WORK ITEM —
For the material below, reproduce exactly each line from the one that has "Wow カスタム漫画マグ 304" through the one that has "在媒體融合和大數(shù)據", and no others; pictures stay out.

RECORDS FOR PROCESSING —
● ● ●
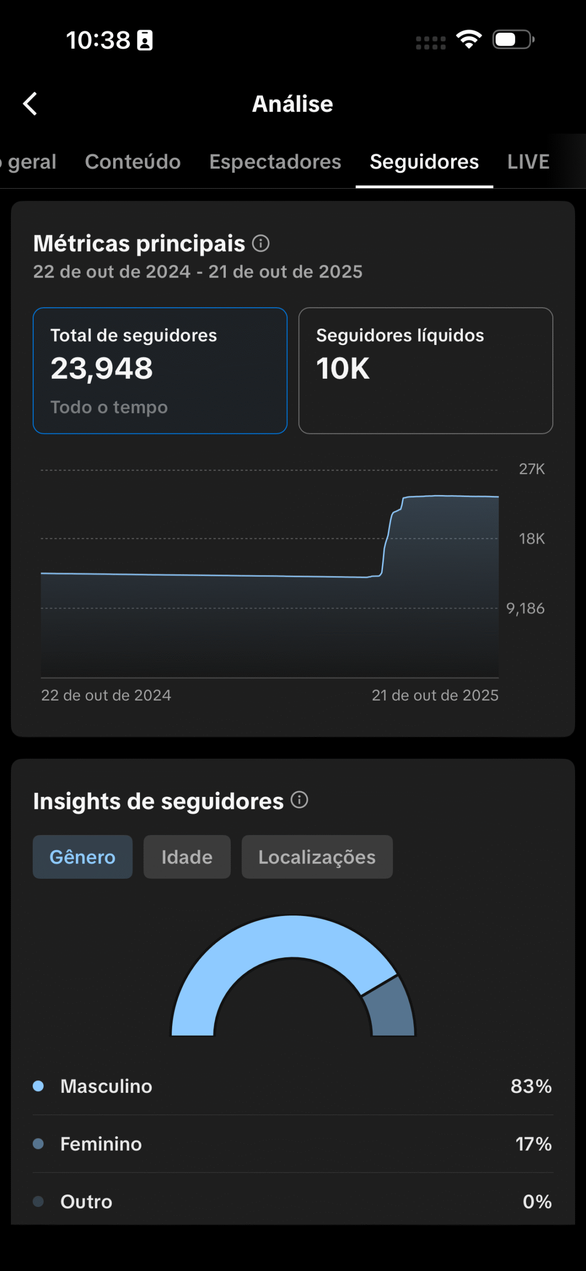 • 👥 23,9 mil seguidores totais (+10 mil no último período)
● ● ●
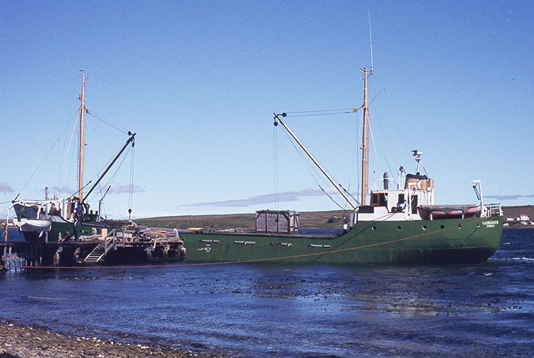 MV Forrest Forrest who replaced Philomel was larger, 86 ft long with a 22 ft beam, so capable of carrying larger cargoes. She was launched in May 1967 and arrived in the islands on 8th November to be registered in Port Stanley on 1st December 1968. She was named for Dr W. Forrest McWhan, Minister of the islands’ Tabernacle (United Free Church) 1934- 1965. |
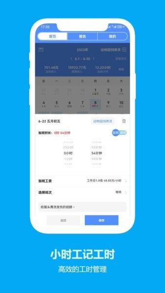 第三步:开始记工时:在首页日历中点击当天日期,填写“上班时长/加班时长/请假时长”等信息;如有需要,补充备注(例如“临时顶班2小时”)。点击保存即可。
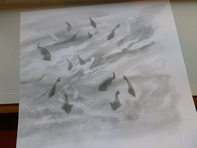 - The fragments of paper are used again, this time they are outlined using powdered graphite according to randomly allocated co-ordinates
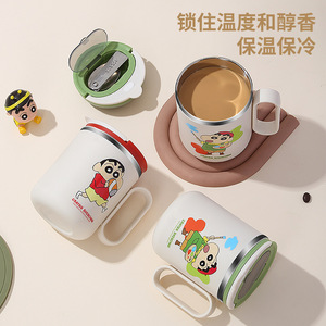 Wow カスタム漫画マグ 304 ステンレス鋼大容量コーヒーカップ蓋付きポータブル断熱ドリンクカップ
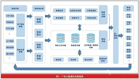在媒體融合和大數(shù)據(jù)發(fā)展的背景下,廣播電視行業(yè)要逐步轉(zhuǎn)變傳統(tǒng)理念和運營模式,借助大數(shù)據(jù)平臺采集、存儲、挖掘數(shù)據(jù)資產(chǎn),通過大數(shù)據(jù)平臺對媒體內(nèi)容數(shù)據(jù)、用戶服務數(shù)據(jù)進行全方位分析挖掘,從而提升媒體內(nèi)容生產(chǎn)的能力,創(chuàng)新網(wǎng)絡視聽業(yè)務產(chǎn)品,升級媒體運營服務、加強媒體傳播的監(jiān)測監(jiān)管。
● ● ●
SOLVED EXERCISE —
 Wow カスタム漫画マグ 304 ステンレス鋼大容量コーヒーカップ蓋付きポータブル断熱ドリンクカップ
在媒體融合和大數(shù)據(jù)發(fā)展的背景下,廣播電視行業(yè)要逐步轉(zhuǎn)變傳統(tǒng)理念和運營模式,借助大數(shù)據(jù)平臺采集、存儲、挖掘數(shù)據(jù)資產(chǎn),通過大數(shù)據(jù)平臺對媒體內(nèi)容數(shù)據(jù)、用戶服務數(shù)據(jù)進行全方位分析挖掘,從而提升媒體內(nèi)容生產(chǎn)的能力,創(chuàng)新網(wǎng)絡視聽業(yè)務產(chǎn)品,升級媒體運營服務、加強媒體傳播的監(jiān)測監(jiān)管。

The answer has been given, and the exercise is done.